Before delving into details, I wish to make clear that I do not consider Dr. Mesa, currently the director of UT Health Cancer Center San Antonio, to be a quack or health fraudster. He is in fact quite well respected in the myeloproliferative neoplasm (MPN) community and has helped contribute to collective medical knowledge, including work that helped lead to the approval of the first JAK2 (Janus Kinase) inhibitor, ruxlitonib. A good amount of his most recent work focuses on quality-of-life (QOL) issues; in MPNs these can be significant, as I know this first-hand. Long time readers may remember that I have been dealing with a MPN myself, a type of hematological cancer that (in very simple terms) results in excessive proliferation in red cells, platelets, and/or most white cells. Research into QOL issues is certainly a noble and respectful pursuit, but there is a downside – frequent exposure to patient suffering and the search for solutions can lead to desperation; this in turn often leads to credulity and thus sub-par research. The three “Non-pharmacological complimentary [sic] approaches” he presents are diet (nothing strange, not complementary); Acceptance and Commitment therapy (ACT), a third wave cognitive behavioral therapy drawing heavily from behaviorism, a bit strange but psychotherapy is not CAM either; and most specifically, yoga. I’ll examine yoga in detail for readers.

Yoga

Yoga refers to a wide range of mystical beliefs and practices (built on top of and with many others) that range from very old to very new that had goals ranging from gaining invincibility in warriors to attaining Moksha (exemption to reincarnation) by the priestly classes.1 The yoga of current popular thought and practice, which I will discuss today, is about 100-150 years old. It was brought to the West due to the efforts of a few advocates; esoteric groups like the Theosophical Society, proponents of New Thought and New Age practices that sought to merge with other metaphysical concepts of healing. I term this post-Esalen medicine, after the center that had a tremendous effect on disseminating New Age, traditional, and “spiritual” ideas about health to the public.

With that in mind, it is quite clear that Western yoga is not the ancient wisdom-filled panacea that proponents push as an almost essential tool on an individual’s journey to “wellness” through “self-care”. In reality, outside of biased narratives, the modern practice appears to be little more than appropriation of religious and cultural practices, modified and diluted in the name of profits or other self-serving interests, with no regard to the historic, societal, or scientific reality.

Once the spiritual trappings are removed it is simply a form of exercise, a very complicated stretching and breathing regimen, but still exercise (theologians can debate whether it’s still yoga). Exercise is a vital part of health and has always been a part of care in real medicine, there’s nothing strange about it once baseless metaphysical claims are removed. The danger is that it is not taught or promoted this way. I am not recommending against exercise, any physical activity is healthier than none, and, if you can separate the metaphysics from the exercise I will even go as far as saying yoga is fine. The question now is, why is it being treated differently from other exercise, and can it actually “treat” anything? Let’s evaluate the evidence.

There are only a few articles on yoga in MPNs but Dr. Mesa is listed on most I could find. These articles examine the use of “online-streamed yoga” for symptom management, one specifically for fatigue and general QOL. We’ll look at a single-arm and a subsequent controlled study.2, 3, 4, 5 There are a plethora of problems with these, so many in fact that I’m doubtful Blood or Haematologica would have even passed them to peer-review, let alone publish, if they were on a less trendy topic.
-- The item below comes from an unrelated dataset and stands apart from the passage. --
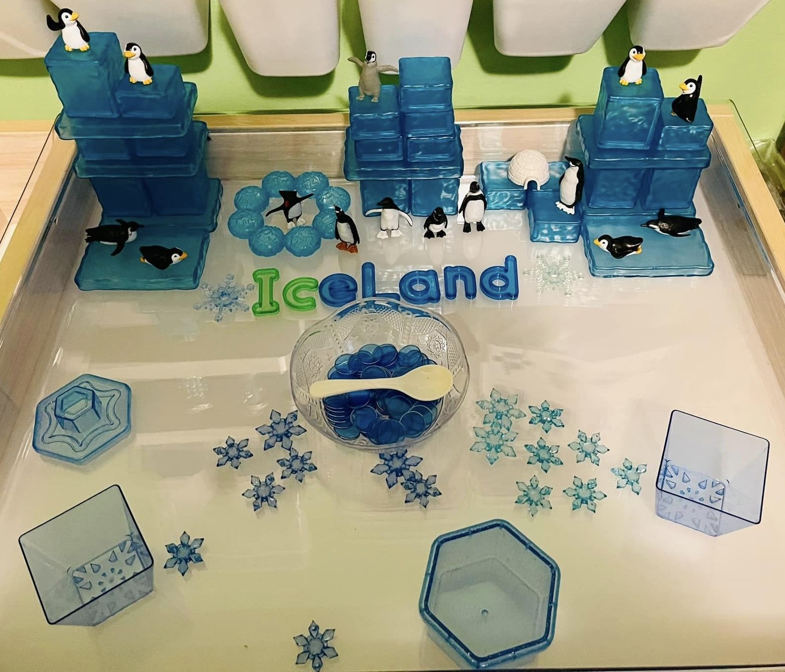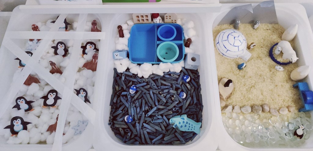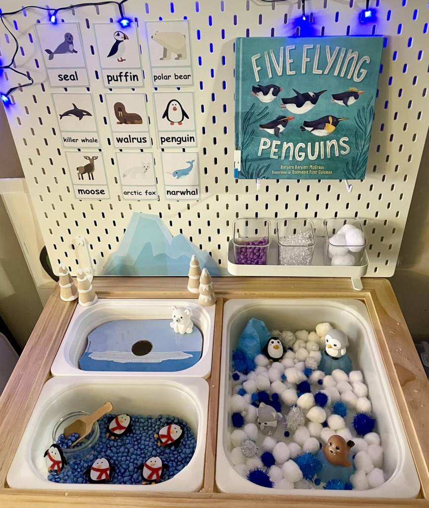 When people have a single bin, this is easier to remember, but I find that for folks who have the 3 bin Flisat setup it seems like it can be tempting to over-complicate things. Each of these examples below have great ideas! But, I would do them on separate occasions. The first has three great farm ideas – each could be their own bin on separate days. LOVE the arctic bins, especially the rescuing the penguins and polars from the tape maze, but again three separate days. And while the cocoa is a great idea, I personally feel like adding the letters overcomplicates it.

Patients were selected through the internet through methods that employed avenues like social media, forums, and patient groups. Though recruiting in this way is not inherently bad, it can lead to the recruitment of people interested in the popular “Indo-chic” practice of yoga out of a fascination with the Eastern exotic (the authors admit to this recruitment limitation). In what seems to be a result of this, the participants fit well into the most typical CAM user demographic: middle-aged married white women with an undergraduate degree or higher (this also implies more disposable income). So with the exotic fascination combined with the ideal demographic group it shouldn’t come as a surprise that in the single-arm study3 (n= 55, 38 or 69% completed 12-week intervention) there was significant improvement in symptoms including sleep, fatigue, anxiety, and anxiety (of note is the fact patients with diagnosed mood disorders like depression and anxiety were ineligible for the study). Yet despite this only 13 subjects said they would continue with the intervention and only an anemic 37% of subjects completed intervention as prescribed (this is self-reported so very likely lower; patients lie) which was defined as 60 minutes or greater a week, which works out to only 8.57 minutes a day. Most importantly, “There were no significant differences in outcomes between those that averaged = 60 min/week of yoga”. Despite the above results not justifying further resource expenditure for continued research, it was embarked upon anyway.
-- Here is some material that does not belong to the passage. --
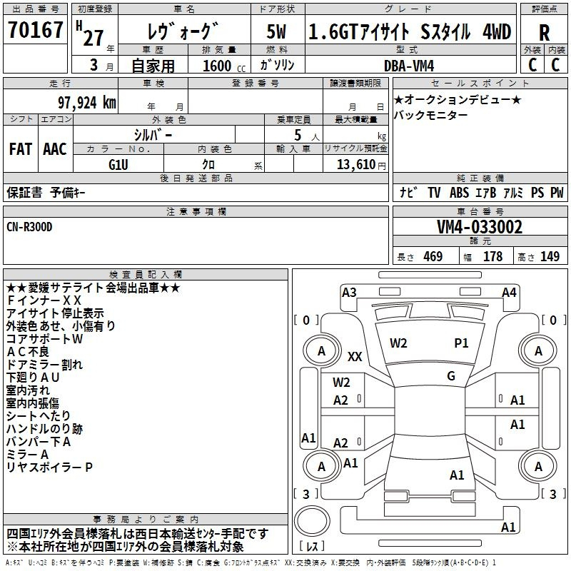 Subaru Levorg, 2015 года - Лот№70167 ★R

The controlled study2, 4 does not improve upon the single-arm in a significant way, it only further demonstrates the lack of usefulness and rigor. The recruitment method still focused on social media and patient groups, patients with mood disorders were still excluded, along with anyone that was already engaging in 150 minutes or more of physical activity a week (22 minutes per day). The subjective reporting of prescription adherence was shown to be lower than the objective measurement (but again, patients lie). Subjects were put into either the yoga group (n=27) or the control group (n=21), which was simply a wait-list. The intervention group, but not control group had blood work done at baseline and post study: a CBC (complete blood count), IL-6 (interleukin 6), and TNF-a (tumor necrosis factor alpha). The final two are inflammatory markers but to the best of my knowledge there is no proven causation that symptom burden is a direct result of their levels (the inclusion of these seems to be based off studies on inflammatory bowel disease).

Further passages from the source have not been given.